Penalties of absolute values results in some of the parameter estimates being zero.
Thus, variable selection occurs out of given n variables.
Due to LASSO regression’s automated feature selection, it is generally the model of choice when there are a large number of variables.
Correlated variables can pose a problem for LASSO regression as only one variable is retained while the correlated variables are set at zero.
This unfortunately can lead to loss of information, thereby, reducing the accuracy of the model.
7. Jackknife Regression
Jackknife regression can be used to evaluate the quality of the predictions of regression models.
When algorithms (say a machine learning model) use a large number of parameters relative to observations they become prone to overfitting (that is, they are good at predicting data that is within the training dataset but poor at predicting test data).
Such models tend to be complex and difficult to evaluate.
The jackknife method is particularly useful in such cases as it can be used to estimate the actual predictive power of such models.
It does so by predicting the dependent variable values of each observations as if the observation was new and not in the dataset.

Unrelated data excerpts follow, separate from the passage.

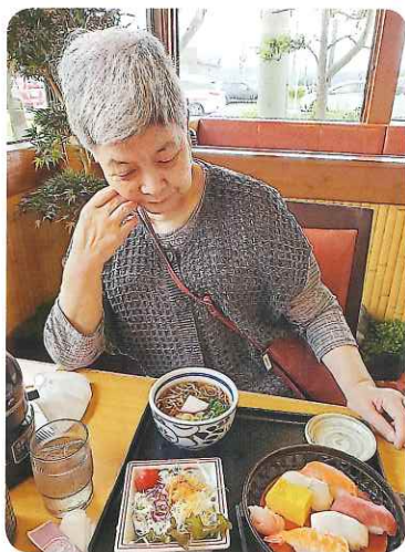
恥ずかしくて、食べられね

5～6月にかけて、苑外散歩を行いました。桜が満開に咲いており、皆さん嬉しそうに「きれいだな」と話されていました。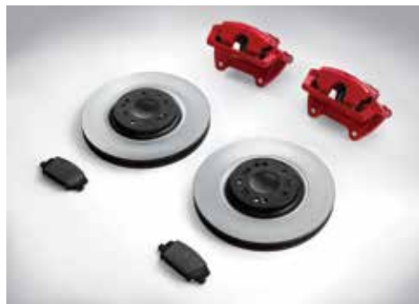
레드 캘리퍼 & 대용량 디스크 & 로우 스틸 패드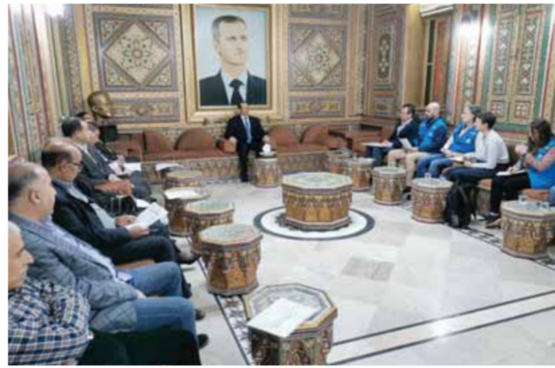
محاظ الحسكة يبحث مع وفد مفوضية اللاجئين التعاون لعودتهم وزيادة الخدمات

يمنع جميع المواد الغذائية وطحين الأفران والوقود اللازمة لتشغيل الأفران الحكومية، ومولدات الأمبيرات الكهربائية الخدمية للمواطنين في منازلهم، نتيجة لعدم استقرار الكهرباء بمحافظة ولغزوف خارجة عن إرادة الدولة، إضافة إلى منع دخول المواد وصهاريج مياه الشرب إلى الخزانات الثابتة في الأحياء وكل ما يخص المواطن من احتجاجات ضرورية وأساسية.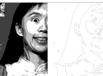
▲高級沒有輔助色階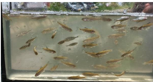
Vetjes en tiendoornige stekelbaarzen

In onze 2e schepronde zijn we achter het Gemaal aan de lage zijde gaan scheppen. Hier vingen we in veel lager aantallen ook weer driedoornige stekelbaarzen, maar ook blankvoorns, baarzen, vetjes en ook weer de exotische Kaukasische dwerggrondel. Plus natuurlijk weer Amerikaanse rivierkreeften. Qua soorten was er dus nauwelijks verschil tussen het hoge en het lage deel. Opvallend was het ontbreken van de kleine modderkruiper, die we normaal altijd in enorme aantallen in onze sloten aantreffen. Een geslaagde avond.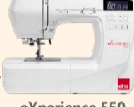
eXperience 550 UVP 819 € Eintauschpreis 699 €

Put simply, it trains the model by excluding one observation each time and then testing the model on that observation.
Thus by systematically excluding each observation from the dataset one at a time, then calculating the estimate, and finally finding the average of these calculations, the procedure is capable of obtaining an unbiased prediction with relatively low overfitting.
This method of regression is effective at clustering and data reduction.
It is well suited to black-box predictive algorithms – these are usually proprietary algorithms where the end users are only aware of the inputs and outputs, not the internal working of the algorithms.
Moreover, jackknife regression is robust when the assumptions of traditional regression including non-correlated variables, normal data and homoscedasticity (the assumption when all values of the independent variables show the same variance) are violated.
8. ElasticNet Regression
ElasticNet Regression is something of an update on ridge and lasso regression that overcomes the limitations of its predecessors.
Some machine learning experts would recommend picking it over ridge and lasso in any situation, but it is better known for its results when working with large datasets.
Let’s go over it very briefly.
Let’s assume you have a few independent variables that are correlated. Instead of keeping them separate, ElasticNet seeks to combine them by forming a group.
This is useful because, even if one variable in the group has a significant relationship with the dependent variable, the entire group will find space in the model.
Conclusion
While you are now aware of nine regression techniques, you’re probably wondering if there is a way know when you should pick one over the other.
Unfortunately, there isn’t.
And there are several other techniques (from Bayesian, ecologic, logic, etc). For now, though, as a beginner, try your hand at the ones we’ve discussed, and you’ll end up teaching yourself to decide which one is useful with a given dataset.